(Dataset content begins)
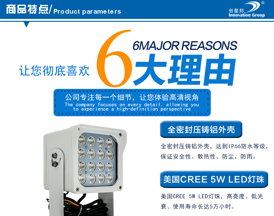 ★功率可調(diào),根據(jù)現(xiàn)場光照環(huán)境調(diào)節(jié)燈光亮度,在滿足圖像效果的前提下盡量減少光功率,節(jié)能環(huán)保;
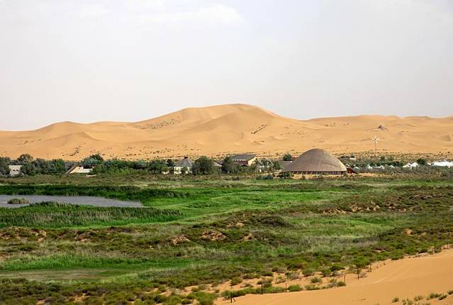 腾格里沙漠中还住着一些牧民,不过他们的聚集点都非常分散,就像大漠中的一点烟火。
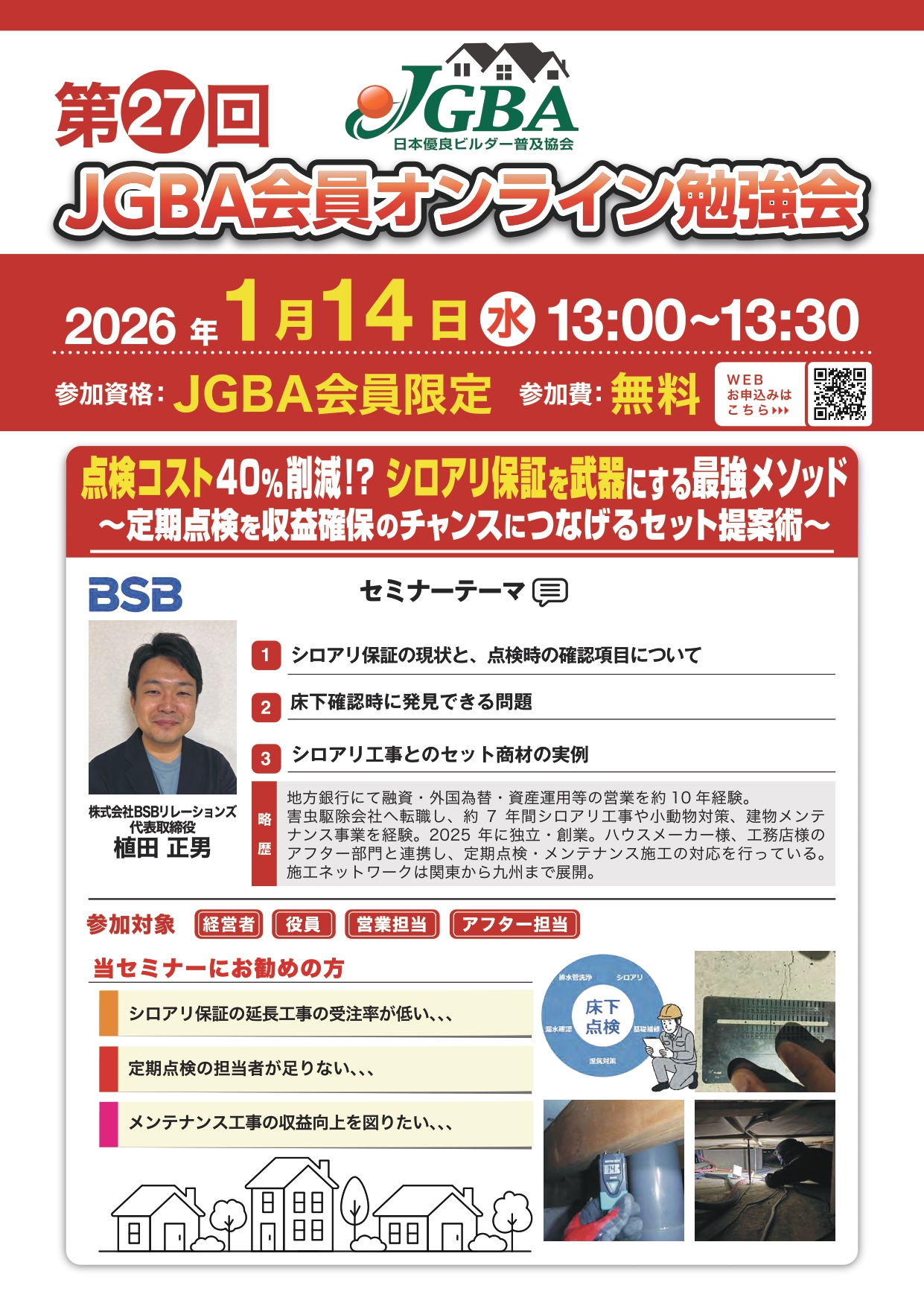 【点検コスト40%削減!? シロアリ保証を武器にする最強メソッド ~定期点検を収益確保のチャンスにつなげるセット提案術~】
(Dataset content ends)
◆ Exercise instructions
A faithful copy is needed of the lines from the one containing "腾格里沙漠中还住着一些牧民,不过他们的聚集点都非常分散,就像大漠中的一点烟火。" through the last line of the data above, with pictures left out.

◆ Written reply
 腾格里沙漠中还住着一些牧民,不过他们的聚集点都非常分散,就像大漠中的一点烟火。
 【点検コスト40%削減!? シロアリ保証を武器にする最強メソッド ~定期点検を収益確保のチャンスにつなげるセット提案術~】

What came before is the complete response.